== DATASET EXCERPTS ==
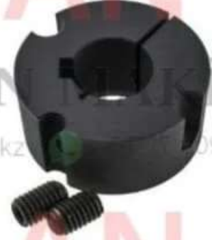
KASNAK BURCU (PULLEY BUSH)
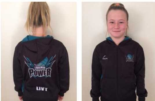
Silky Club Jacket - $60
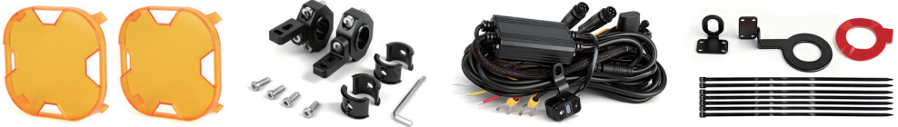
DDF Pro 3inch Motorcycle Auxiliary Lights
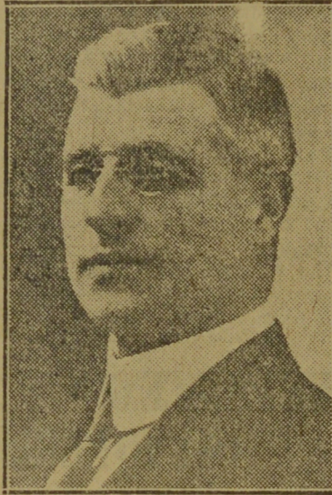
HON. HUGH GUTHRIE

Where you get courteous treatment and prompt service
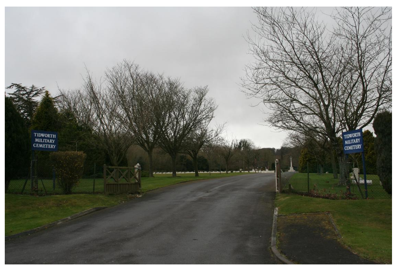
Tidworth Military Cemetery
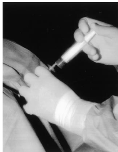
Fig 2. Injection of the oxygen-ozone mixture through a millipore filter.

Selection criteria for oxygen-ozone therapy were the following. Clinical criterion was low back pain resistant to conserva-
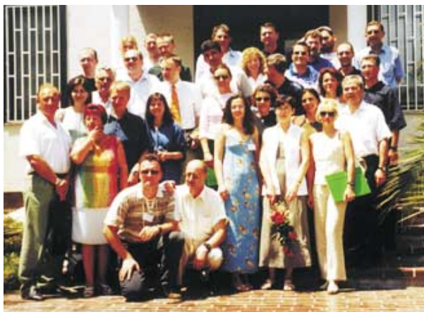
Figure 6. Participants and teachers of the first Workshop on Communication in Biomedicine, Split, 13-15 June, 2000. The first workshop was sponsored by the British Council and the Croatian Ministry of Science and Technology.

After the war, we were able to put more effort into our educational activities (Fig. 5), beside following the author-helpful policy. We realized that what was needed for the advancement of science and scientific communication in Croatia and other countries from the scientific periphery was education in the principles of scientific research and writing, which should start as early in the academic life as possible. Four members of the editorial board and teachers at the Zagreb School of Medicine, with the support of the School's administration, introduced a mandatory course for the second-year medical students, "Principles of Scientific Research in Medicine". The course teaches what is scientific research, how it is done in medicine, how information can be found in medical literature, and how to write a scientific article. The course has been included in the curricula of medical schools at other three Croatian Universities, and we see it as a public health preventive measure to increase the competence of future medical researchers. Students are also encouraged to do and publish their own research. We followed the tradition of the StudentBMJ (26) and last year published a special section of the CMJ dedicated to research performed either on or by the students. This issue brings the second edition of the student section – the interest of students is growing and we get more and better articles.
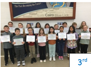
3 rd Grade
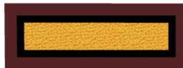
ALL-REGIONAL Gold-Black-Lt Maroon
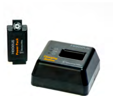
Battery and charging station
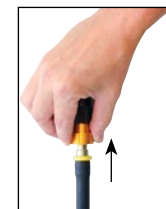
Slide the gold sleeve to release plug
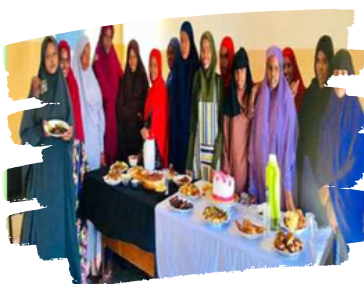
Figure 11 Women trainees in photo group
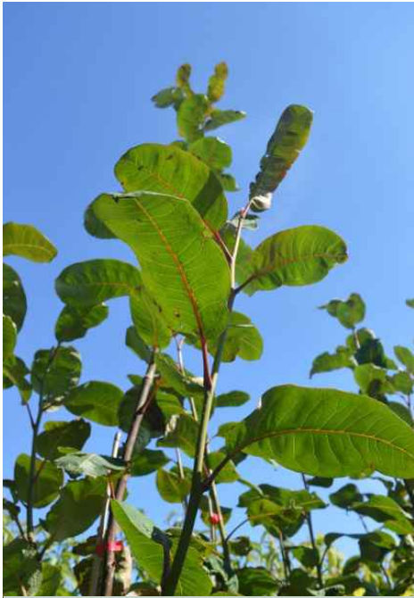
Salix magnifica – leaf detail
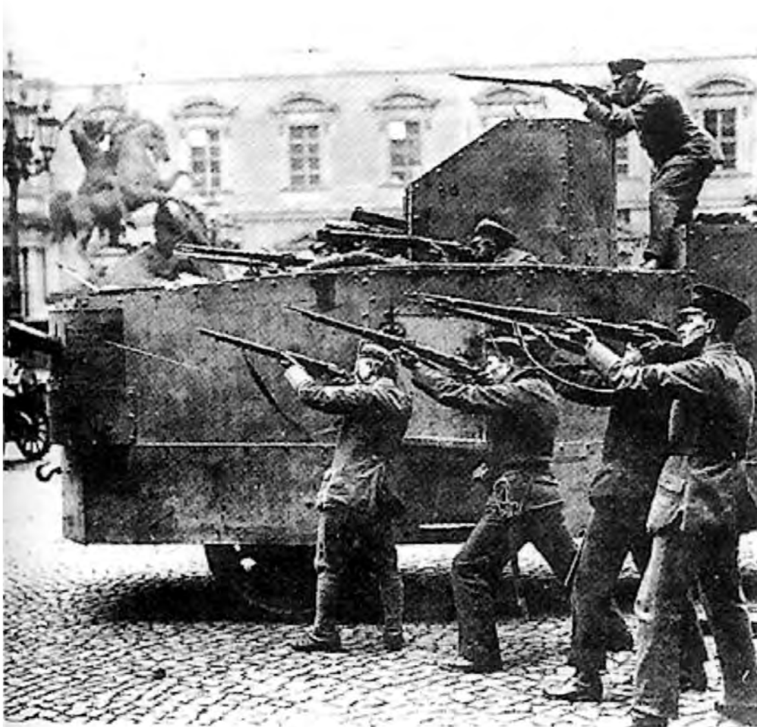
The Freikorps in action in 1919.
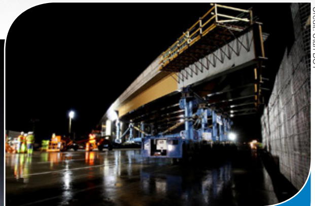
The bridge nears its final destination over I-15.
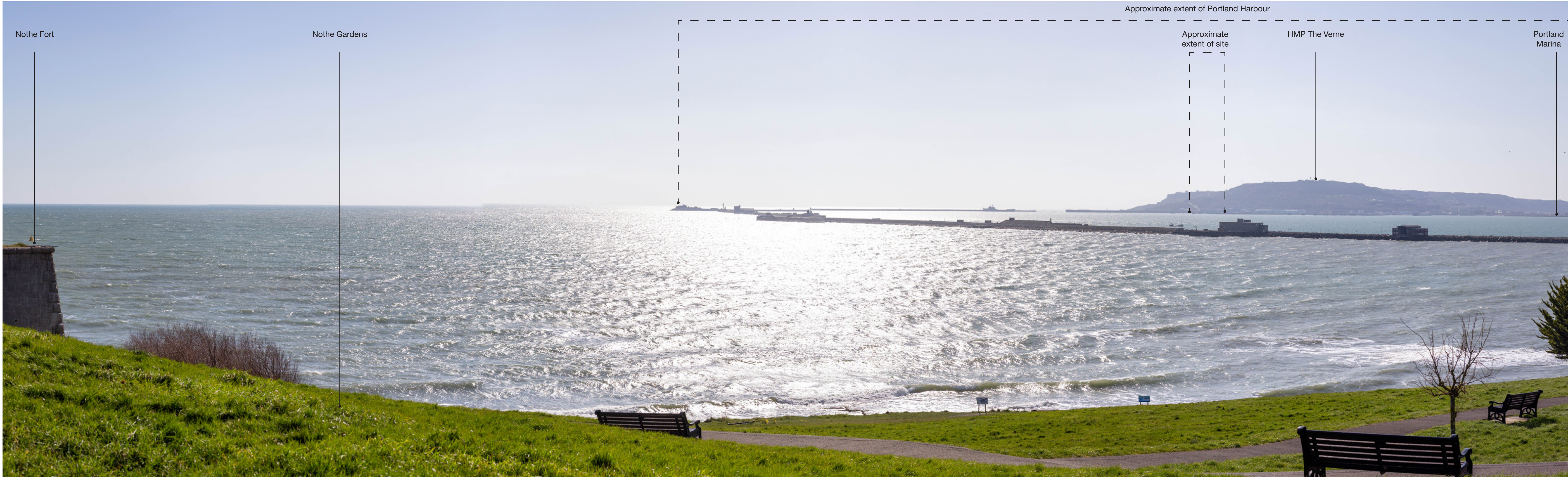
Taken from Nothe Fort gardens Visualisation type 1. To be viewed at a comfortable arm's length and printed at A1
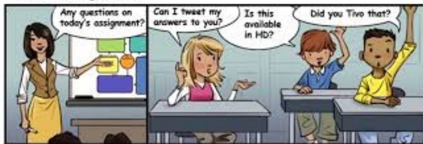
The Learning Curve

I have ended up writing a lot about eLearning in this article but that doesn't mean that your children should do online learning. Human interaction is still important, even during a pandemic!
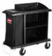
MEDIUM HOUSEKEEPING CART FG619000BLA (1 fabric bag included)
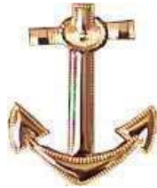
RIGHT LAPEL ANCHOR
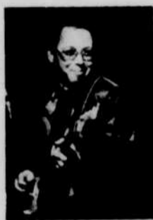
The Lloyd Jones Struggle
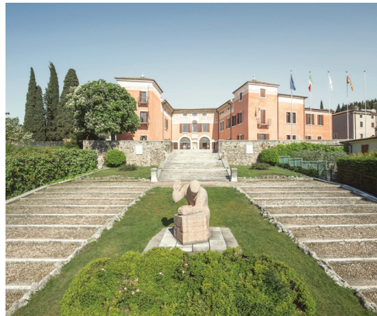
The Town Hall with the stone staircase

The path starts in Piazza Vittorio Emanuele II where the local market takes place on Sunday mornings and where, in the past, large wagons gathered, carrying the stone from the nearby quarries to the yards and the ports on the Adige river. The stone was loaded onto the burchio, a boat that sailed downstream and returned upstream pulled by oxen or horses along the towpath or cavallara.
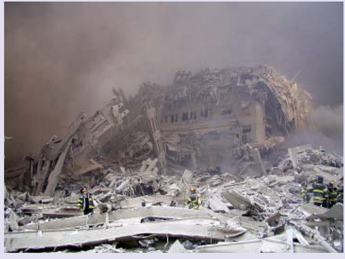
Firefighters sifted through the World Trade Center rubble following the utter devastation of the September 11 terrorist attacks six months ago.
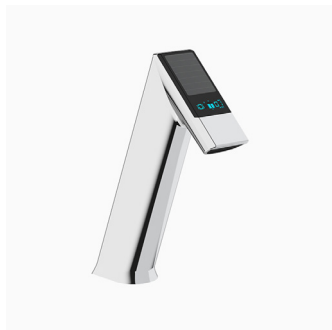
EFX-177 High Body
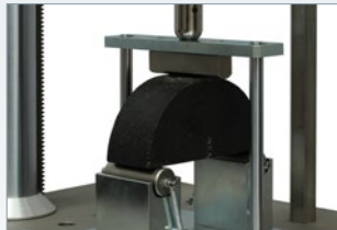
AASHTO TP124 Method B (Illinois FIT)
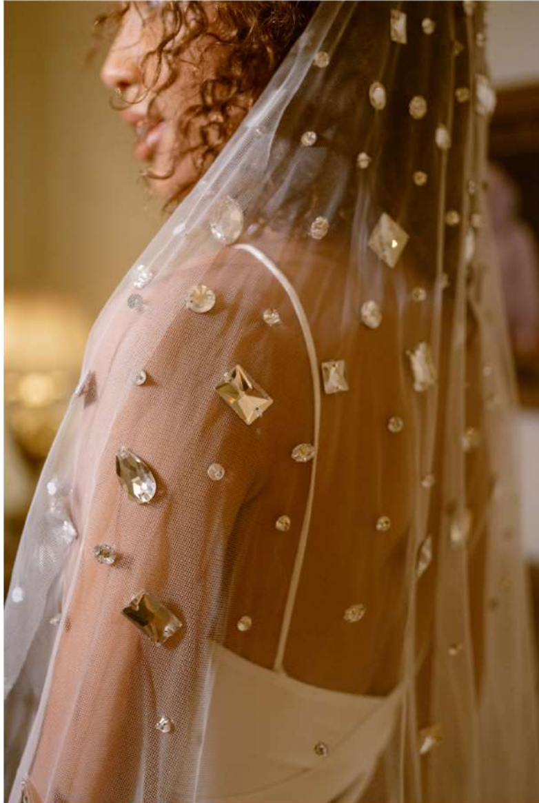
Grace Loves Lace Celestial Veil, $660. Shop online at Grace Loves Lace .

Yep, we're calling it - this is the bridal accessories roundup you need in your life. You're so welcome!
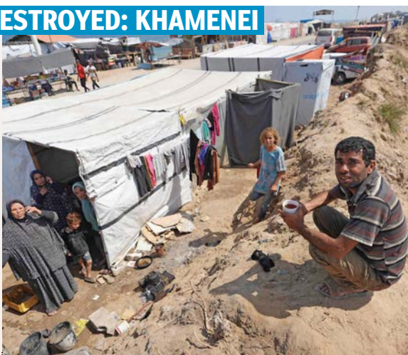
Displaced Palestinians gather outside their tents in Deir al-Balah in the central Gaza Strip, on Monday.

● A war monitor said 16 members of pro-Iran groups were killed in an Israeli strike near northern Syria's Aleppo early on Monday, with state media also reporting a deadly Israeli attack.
===
Look for the word "oxygen" in the data, then return every line that contains it.

• **EXERCISE RESULT**:
Fig 2. Injection of the oxygen-ozone mixture through a millipore filter.
Selection criteria for oxygen-ozone therapy were the following. Clinical criterion was low back pain resistant to conserva-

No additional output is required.